China is Killing Americans
Today China executed the former head of the State Food and Drug Administration, Zheng Xiaoyu, for corruption (ht to Say Uncle). His secretary, Cao Wenzhuang, was recently sentenced to death with a two-year reprieve.
Zheng was sentenced to death in May for taking bribes to approve an antibiotic blamed for at least 10 deaths and other substandard medicines. Cao was given a death sentence last month with a two-year reprieve for accepting bribes and dereliction of duty.
Such suspended death sentences usually are commuted to life in prison if the convict is deemed to have reformed.
Zheng’s death sentence was unusually heavy even for China, believed to carry out more court-ordered executions than all other nations combined, and likely indicates the leadership’s determination to confront the country’s dire product safety record.
I am pleased to hear that China is taking extreme measures to improve their product quality. Even though I try to avoid buying products made in China, sometimes I can’t avoid it; more often, I just don’t know.
Some would say that execution is a too-harsh sentence for merely turning out substandard products. Some would say not. I am among the latter.
Remember the poisoned pet food? The poisonous toothpaste? How about poison hog feed? Salmonella laden food seasoning? Lead paint on Thomas the Tank Engine? The flashing eyeballs filled with kerosene? The more than two dozen made in China toys recalled so far this year?
The FDA inspects less than 2% of the $5 billion a year agricultural imports, with consequences like these:
Dried apples preserved with a cancer-causing chemical. Frozen catfish laden with banned antibiotics. Scallops and sardines coated with putrefying bacteria. Mushrooms laced with illegal pesticides.
These were among the 107 food imports from China the Food and Drug Administration detained at U.S. ports just last month, agency documents reveal, along with more than 1,000 shipments of tainted Chinese dietary supplements, toxic Chinese cosmetics and counterfeit Chinese medicines.
And we are about to make matters worse by allowing the importation of chickens from China. Worse still, you won’t even know which chickens are imported because the law doesn’t require that particular piece of information be communicated to you. If it were up to me, everything imported that you purchase would have a warning label right there on the package, printed in big bold letters just like the Surgeon General’s warning on a pack of cancer sticks.
Our children play with toys made in China. We are eating and drinking ingredients from China every day. We are putting our families in cars that travel at high speed, riding on tires made in China.
Here’s what happened to my tire last Sunday, as I was driving my son, daughter-in-law and two small grandchildren to the airport in Little Rock:

This was a catastrophic failure that happened at 70 MPH on a crowded interstate with cars, trucks and semis all around us. I began braking and moving onto the shoulder as soon as the failure happened, but the outside of the tire rolled past us before I was even stopped. Was this particular Bridgestone tire made in China? Actually, I don’t think so. At least I can’t determine the origin through web research. [And I had to include the pic as it was the original inspiration for the post.]
But 450,000 tires recently sold by a New Jersey company that were manufactured in China are missing the gum strip that keeps the steel belts from separating from the rubber tire. When such separation occurs a catastrophic failure just like the one pictured above takes place.
The mandatory recall will bankrupt the company, which estimates that it only has enough funds to replace about ten percent of the tires that it sold. The manufacturer in China will not contribute to funding the recall, so the American consumer is left holding the bag rotten tire.

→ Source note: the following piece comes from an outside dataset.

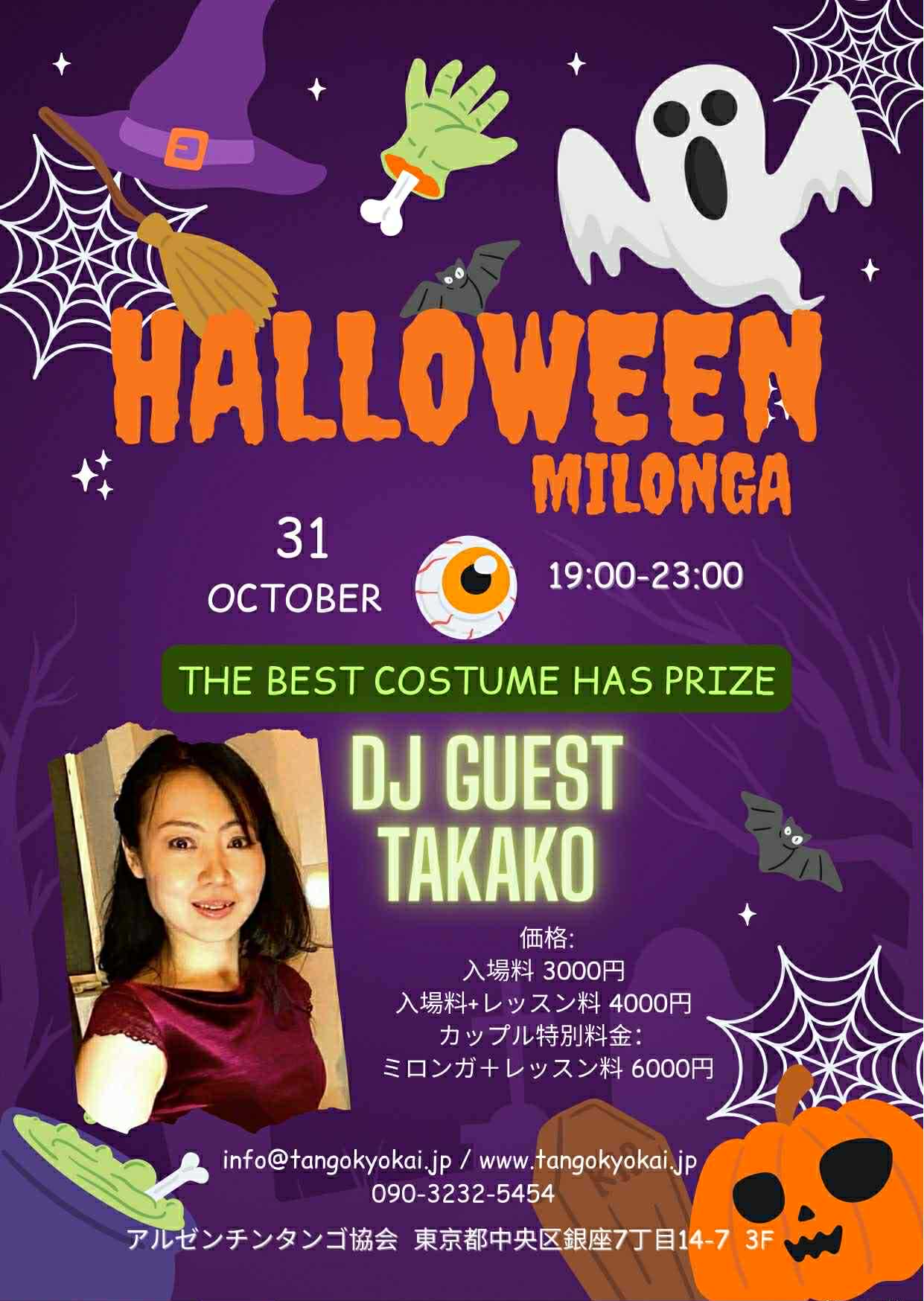 10/31(金)はハロウィンミロンガ🎃お気に入りのコスチュームでご参加ください🎃こちらのDj はTakako♫です!

How many drivers will voluntarily throw away a new set of tires? I’m guessing very few, leaving over 100,000 unsafe cars on our highways.
Poisonous foodstuffs. Unsafe products. When will it stop?

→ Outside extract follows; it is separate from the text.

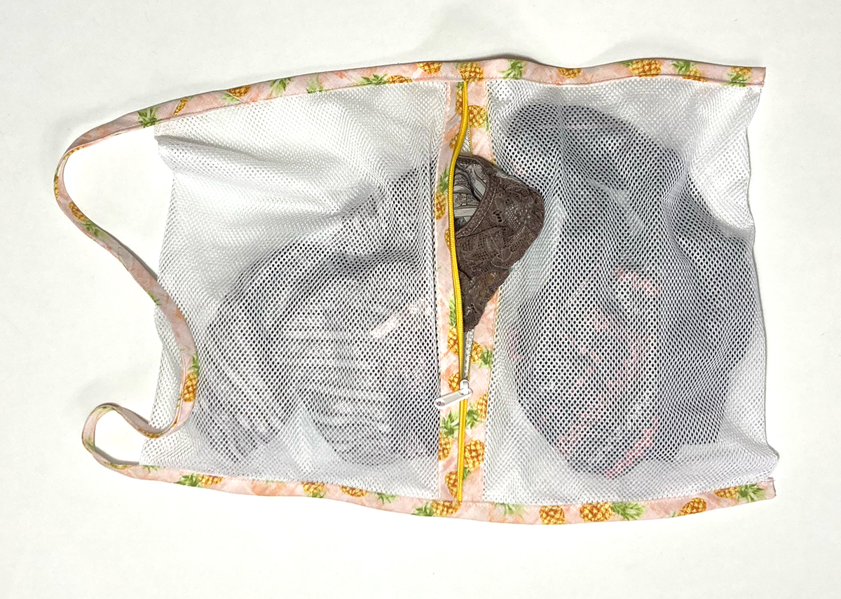 Verpackt in diesem Netz kann feine Wäsche schonend in der Maschine gewaschen werden. Der Netzstoff ist wasserdurchlässig, ruckzuck wieder trocken und bis 60Grad in der Maschine waschbar. Die Kanten haben wir mit selbst gemachtem Schrägband aus bedrucktem Baumwollstoff eingefasst. Das Netz hat eine lange Schlaufe, mit der es in der Waschküche aufgehängt werden kann um auf den nächsten Einsatz zu warten. Unser Wäschenetz macht sich aber auch auf Reisen nützlich.

Epilogue: One final personal note before I go. Can you identify this tire-related tool?

It is the hook that goes onto a scissor jack used to change a tire. It came with my American Dodge Durango. The hook that you are look at twisted off like cheap pot metal. I can’t prove it, but I’m betting that particular piece of crap was manufactured in China.







Even some American flags are made in China. It has gotten out of hand.
Today millions of Mattel toys are recalled because of lead and harmful parts.
Here’s the question … why and how is it that “made/grown in America” products are subject to the FDA but only THREE (3%) of imported products ever get checked by the FDA???!?!
Why is it in the Pacific Northwest stores are selling seafood products imported from CHINA (full of lead and poison) when seafood is abundant here?
We are killing ourselves. There has been a rise in America of learning disability in kids. This is one sign of lead poisoning.
I say we stop supplying China money to destroy us!
–Josephine
I am completely disgusted with China, I think we should stop giving them our money for a bunch of crap that is either killing our children or harming the lives of millions.